• Supplied data
☆ ☆ ☆ ☆

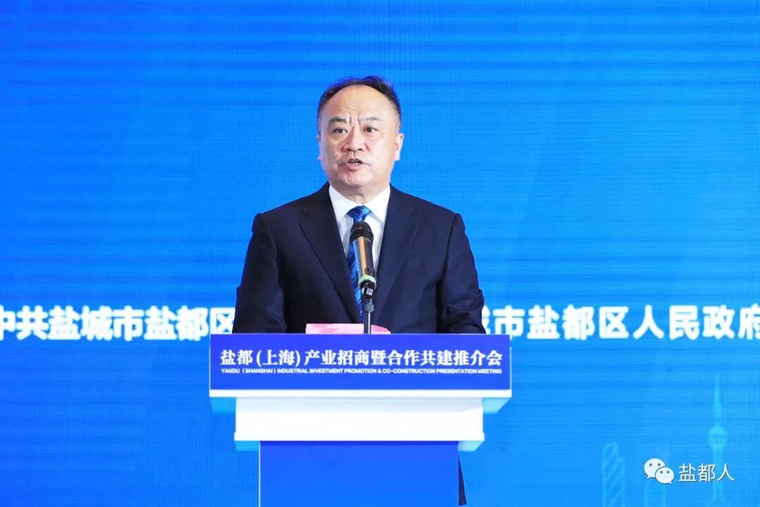 马正华在致辞中说,融入长三角,始终是盐都提升开放层次、实现高质量发展的现实选择和长期战略。盐都已全面融入上海“一小时经济圈”,借着长三角一体化的东风,与上海的交流日益频繁、合作不断深入,连续多年在上海举办产业推介交流活动,与上海集成电路、交通电子行业协会等机构建立了良好合作关系,普洛斯智能云仓、复旦医疗康复中心、盐芯微电子、中科院上硅所等200多个上海项目相继落户盐都,区内还有1个上海直采直供蔬菜基地和15个农产品上海直销窗口,盐都经济的高质量发展中处处都有“上海元素”。
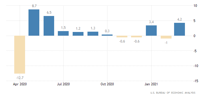 Forte il dato mensile sulle spese personali, che a febbraio aveva registrato una flessione dell’1%, e a marzo cresce del 4,2% registrando un dato appena superiore alle attese (consensus 4,1%). Il dato è rilasciato dal Bureau of Economic Analysis.
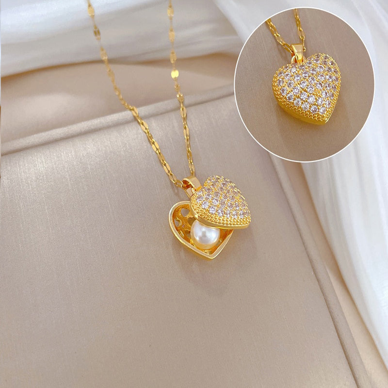 Collar con colgante creativo de perla y corazón de acero inoxidable 316L para mujer
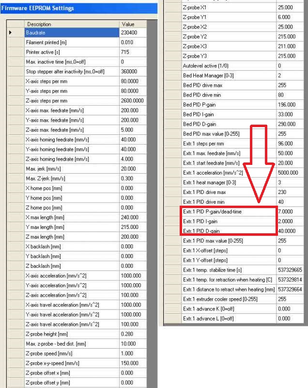 odpíšeme hodnoty (K)P (K)I (K)D a prepíšeme pôvodné hodnoty v eeprom, viď další obrázok.
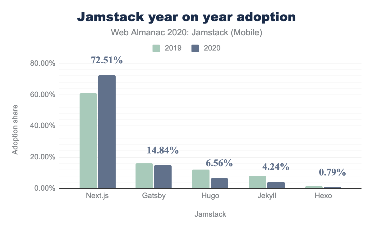 Take a look at the latest 2020 Web Almanac Jamstack year on year adoption data:
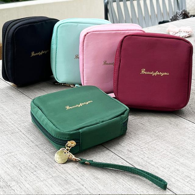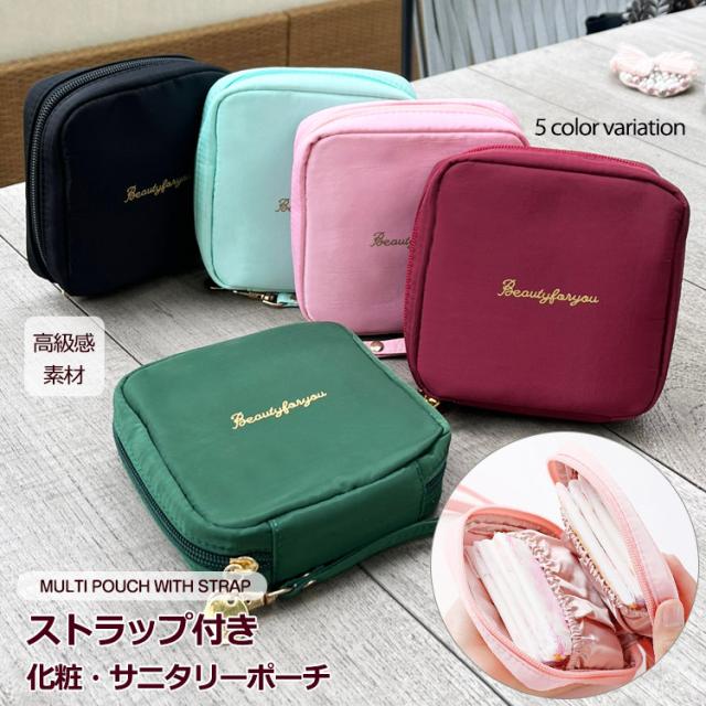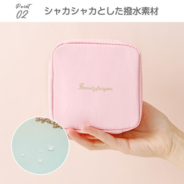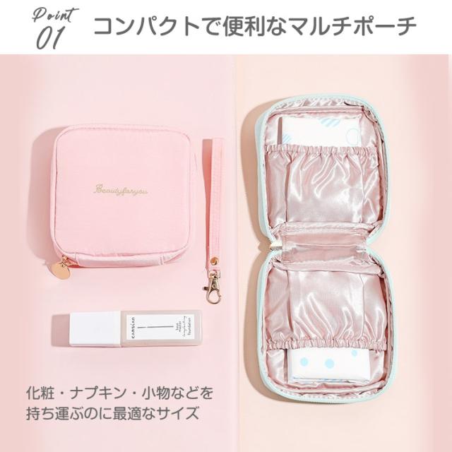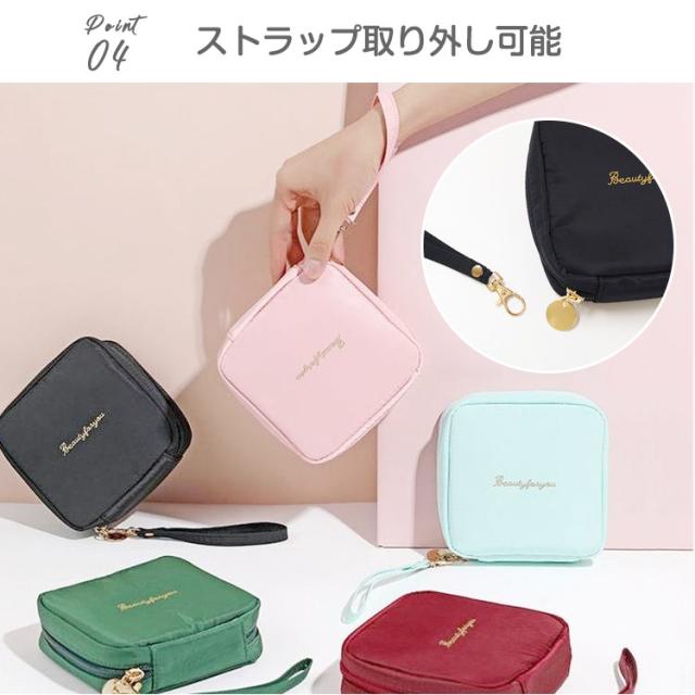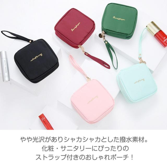スクエアポーチ ポーチ 小物入れ メイクポーチミニティッシュ 生理用ナプキン収納 サニタリーポーチ 機能的マチあり 仕分け 旅行 ジム ポケット
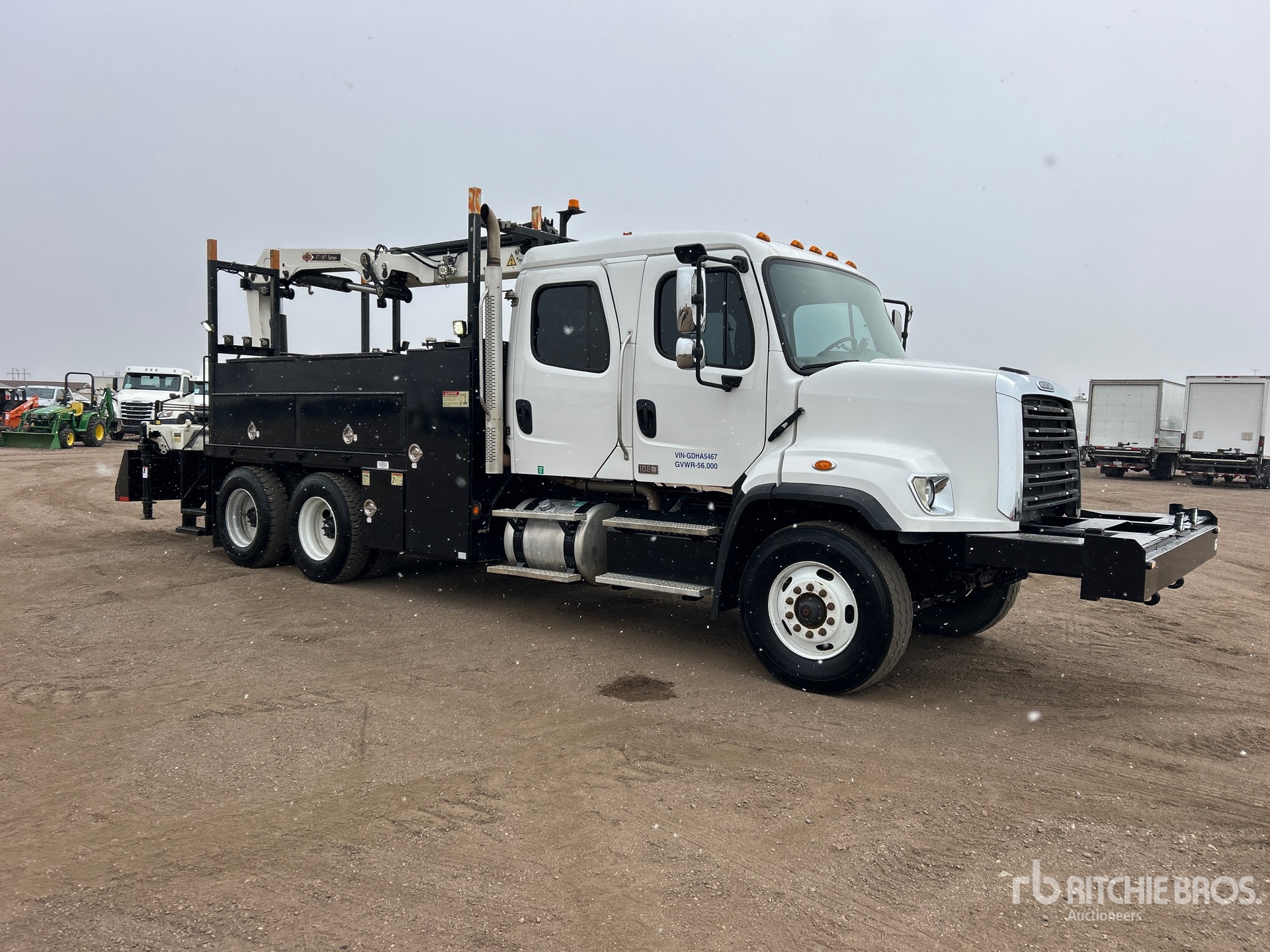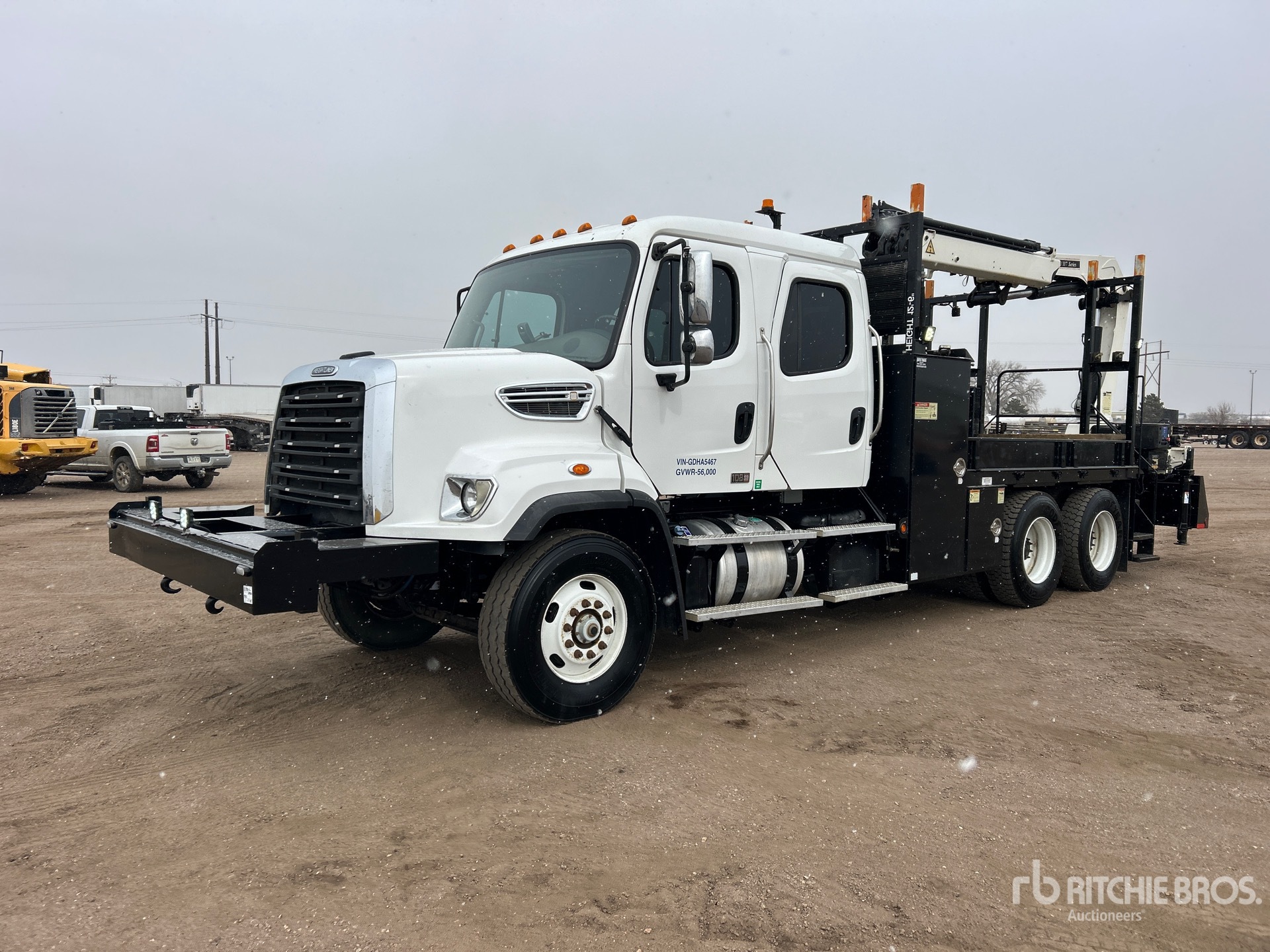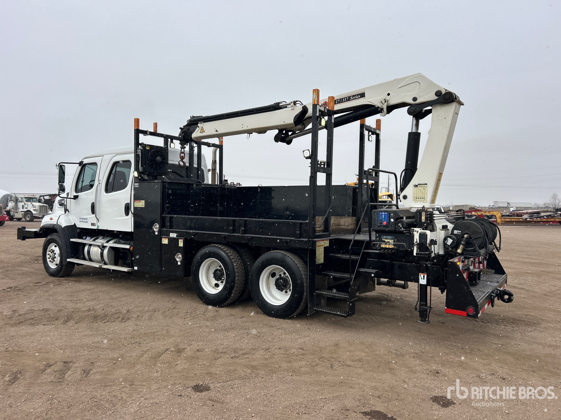 Cummins ISL9 6 Cylinder 8.9 L Diesel 345 hp Engine, 2015 US EPA Label, Requires Diesel Exhaust Fluid, 7232 Engine hrs, Engine Brake, Eaton Fuller FRO-11210C 10-Speed Manual Transmission, 16000 lb Front Axle, 40000 lb Rears, Detroit DA-RT-40.0-4 Drive Axles, 4.78:1 Axle Ratio, 56000 lb GVWR, 315/80R22.5 Front Tires, 11R22.5 Rear Tires, Air Ride Suspension, 226 in Wheelbase, PTO, 6 ft - 30 ft 4 Section Boom, Out and Down Outriggers, Cordless Remote Control, IMT 17/117DL K3 13825 lb 4 Section Hydraulic Crane, 15 ft x 96 in Bed, Pintle Hitch
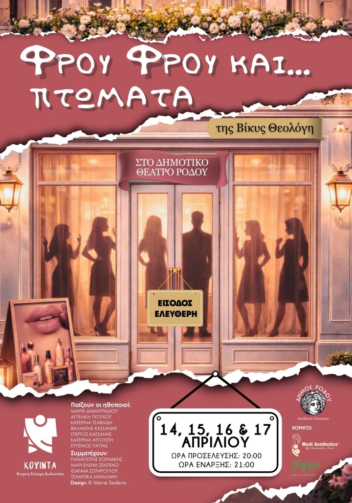 Η Διεύθυνση Πολιτισμού Δήμου Ρόδου σε συνδιοργάνωση με τον Θεατρικό Σύλλογο Δωδεκανήσου παρουσιάζει την θεατρική παράσταση «ΦΡΟΥ ΦΡΟΥ ΚΑΙ… ΠΤΩΜΑΤΑ» σε κείμενο και σκηνοθεσία της Βίκυς Θεολόγη. Μια καυστική φαρσοκωμωδία καταστάσεων, όπου το γέλιο ακουμπά τις πενήντα αποχρώσεις του γκρι (σχεδόν μαύρου) χιούμορ!Ένα φαινομενικά αθώο σαλόνι ομορφιάς μετατρέπεται σε πεδίο παρεξηγήσεων, μυστικών και… επικίνδυνων αποκαλύψεων.
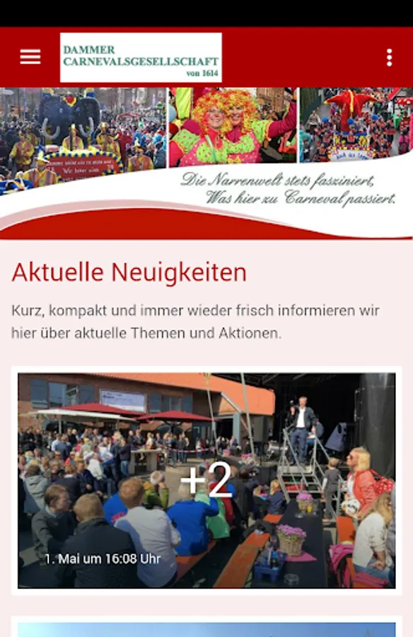 In this app you'll find information, dates and photos of the events of Dammer carnival society of 1614. This organized in the carnival stronghold Damme among other northern Germany's largest carnival parades at the highest level with over 9,000 contributors and more than 200 floats and groups. With this app you are always up to date.
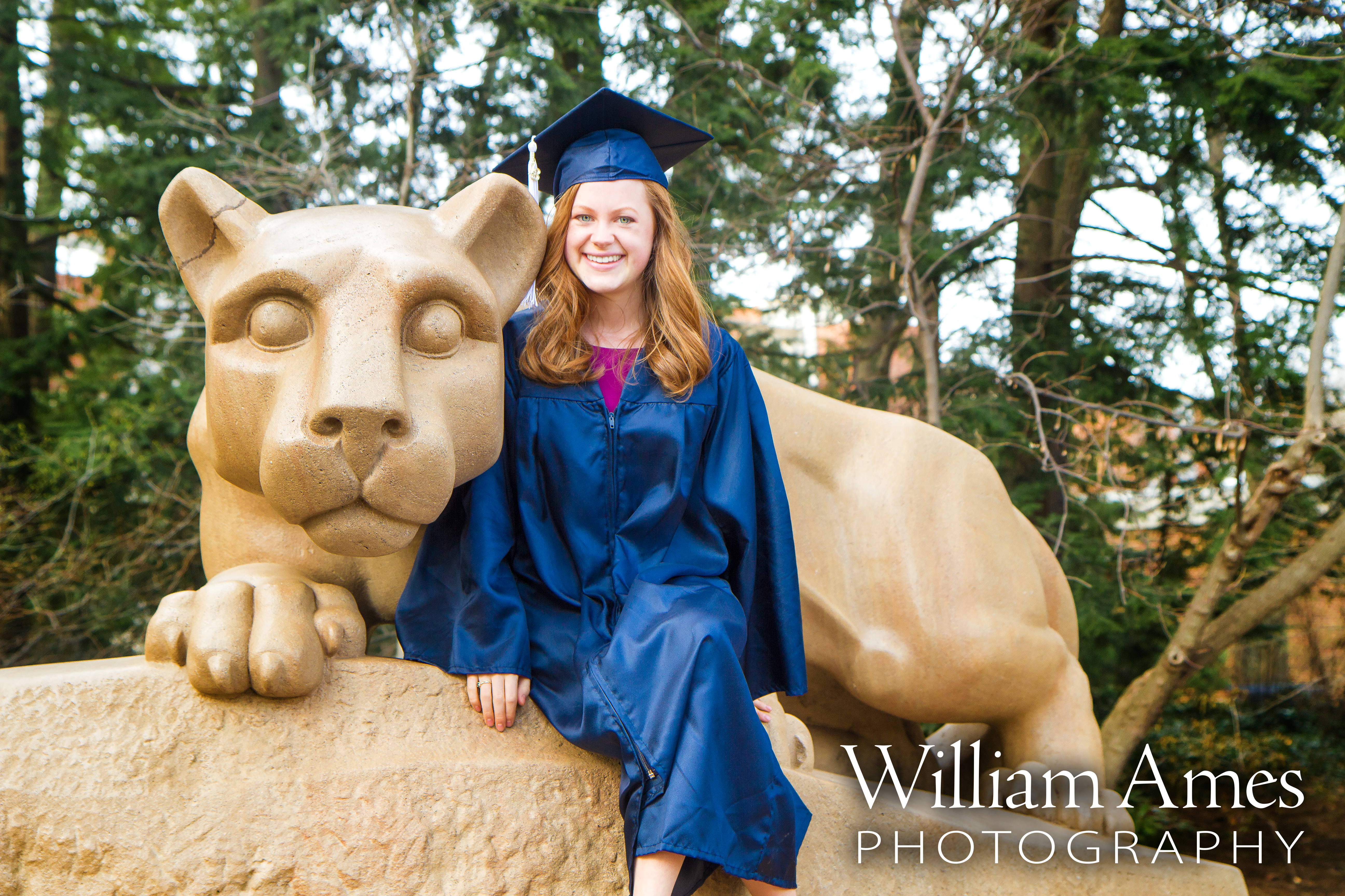 Popular spots on campus are the Nittany Lion Shrine, Beaver Stadium (outside only), the Arboretum, Hort Woods, Mount Nittany, and any of the other iconic locations on campus. The photos are yours—you own the copyright.
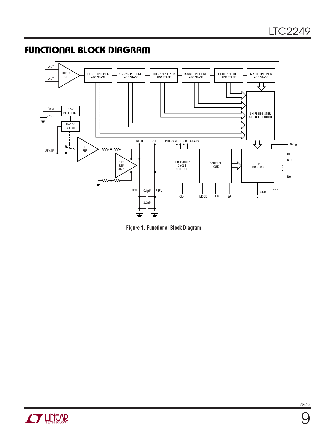 A + IN INPUT FIRST PIPELINED SECOND PIPELINED THIRD PIPELINED FOURTH PIPELINED FIFTH PIPELINED SIXTH PIPELINED – S/H ADC STAGE ADC STAGE ADC STAGE ADC STAGE ADC STAGE ADC STAGE AIN VCM 1.5V REFERENCE SHIFT REGISTER 2.2µF AND CORRECTION RANGE SELECT REFH REFL INTERNAL CLOCK SIGNALS OVDD REF SENSE BUF OF D13 DIFF CLOCK/DUTY CONTROL OUTPUT REF CYCLE LOGIC • DRIVERS AMP CONTROL • • D0 REFH 0.1µF REFL 2249 F01 OGND CLK MODE SHDN OE 2.2µF 1µF 1µF
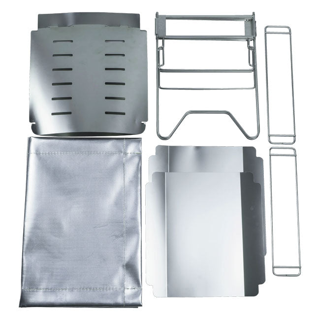 自然を傷付けない焚き火台をコンセプトに、ソロ〜グループまで誰もが焚き火や料理を最大限に楽しめる機能性を有しています。 【焚き火も料理も楽しめるサイズ】 収納時はコンパクトですが、火床の長さは約51cmあり、キャンプ場で売られているような薪(30cm〜40cm程度)であればはみ出る事はありません。 広さを活かして右側で調理、左側は保温スペースにするなど使い分けることができます。 付属の五徳(2本)は2段階の高さに設置することができるため、さらに細かく強火と弱火の調整が可能です。 【コンパクトで組み立てが簡単】 フレームはA4サイズに折り畳まれたフレームを左右に広げるだけなので、面倒な組み立てが一切不要になる他、脚が繋がっている分安定性も抜群です。 折り畳めば厚みは2cmほどまで薄くなり、重さも他のパーツ含め約1.2kgまで軽量化。 付属の収納袋は余裕のある大きさになっているため出し入れが簡単で、遮熱シートや焚き火シート(95×60cm)、ファイヤースターターなどの焚き火関連グッズが1つにまとめられます。 【3本軸の頑丈さと固定力】 火床を支えるフレームが両サイドだけでなく真ん中にもあることで頑丈さが大幅にUPしており、ある程度強い力で押しても崩れることはありません。 また、火床も6か所でしっかり固定されているため、持ち上げても振っても崩れることなく扱うことができます。 【重量】 約1300g 【材質】 本体:ステンレス製 収納袋:600Dポリエステル 【付属品】 フレーム、火床、遮熱板2枚、五徳2本、収納袋、遮熱シート |
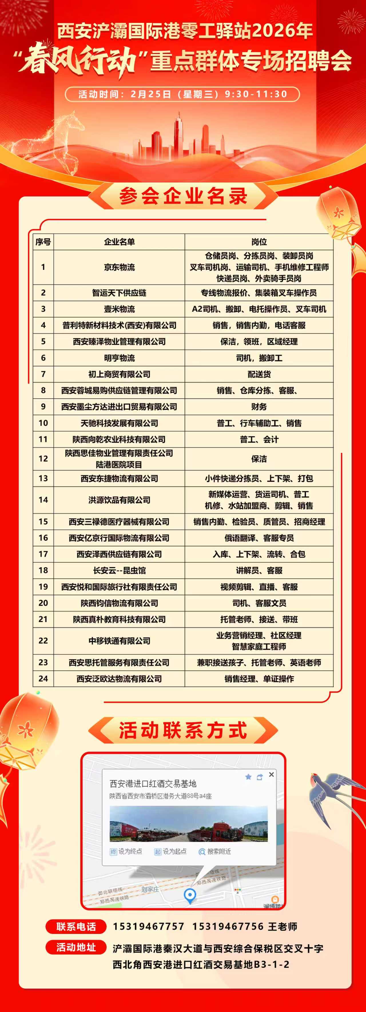 西安浐灞国际港零工驿站2026年“春风行动”重点群体专场招聘会

☆ ☆ ☆ ☆

Extract, word for word, each line from the top of the data down to and including the line with "Η Διεύθυνση Πολιτισμού"; skip the pictures.

 马正华在致辞中说,融入长三角,始终是盐都提升开放层次、实现高质量发展的现实选择和长期战略。盐都已全面融入上海“一小时经济圈”,借着长三角一体化的东风,与上海的交流日益频繁、合作不断深入,连续多年在上海举办产业推介交流活动,与上海集成电路、交通电子行业协会等机构建立了良好合作关系,普洛斯智能云仓、复旦医疗康复中心、盐芯微电子、中科院上硅所等200多个上海项目相继落户盐都,区内还有1个上海直采直供蔬菜基地和15个农产品上海直销窗口,盐都经济的高质量发展中处处都有“上海元素”。
 Forte il dato mensile sulle spese personali, che a febbraio aveva registrato una flessione dell’1%, e a marzo cresce del 4,2% registrando un dato appena superiore alle attese (consensus 4,1%). Il dato è rilasciato dal Bureau of Economic Analysis.
 Collar con colgante creativo de perla y corazón de acero inoxidable 316L para mujer
 odpíšeme hodnoty (K)P (K)I (K)D a prepíšeme pôvodné hodnoty v eeprom, viď další obrázok.
 Take a look at the latest 2020 Web Almanac Jamstack year on year adoption data:
スクエアポーチ ポーチ 小物入れ メイクポーチミニティッシュ 生理用ナプキン収納 サニタリーポーチ 機能的マチあり 仕分け 旅行 ジム ポケット
 Cummins ISL9 6 Cylinder 8.9 L Diesel 345 hp Engine, 2015 US EPA Label, Requires Diesel Exhaust Fluid, 7232 Engine hrs, Engine Brake, Eaton Fuller FRO-11210C 10-Speed Manual Transmission, 16000 lb Front Axle, 40000 lb Rears, Detroit DA-RT-40.0-4 Drive Axles, 4.78:1 Axle Ratio, 56000 lb GVWR, 315/80R22.5 Front Tires, 11R22.5 Rear Tires, Air Ride Suspension, 226 in Wheelbase, PTO, 6 ft - 30 ft 4 Section Boom, Out and Down Outriggers, Cordless Remote Control, IMT 17/117DL K3 13825 lb 4 Section Hydraulic Crane, 15 ft x 96 in Bed, Pintle Hitch
 Η Διεύθυνση Πολιτισμού Δήμου Ρόδου σε συνδιοργάνωση με τον Θεατρικό Σύλλογο Δωδεκανήσου παρουσιάζει την θεατρική παράσταση «ΦΡΟΥ ΦΡΟΥ ΚΑΙ… ΠΤΩΜΑΤΑ» σε κείμενο και σκηνοθεσία της Βίκυς Θεολόγη. Μια καυστική φαρσοκωμωδία καταστάσεων, όπου το γέλιο ακουμπά τις πενήντα αποχρώσεις του γκρι (σχεδόν μαύρου) χιούμορ!Ένα φαινομενικά αθώο σαλόνι ομορφιάς μετατρέπεται σε πεδίο παρεξηγήσεων, μυστικών και… επικίνδυνων αποκαλύψεων.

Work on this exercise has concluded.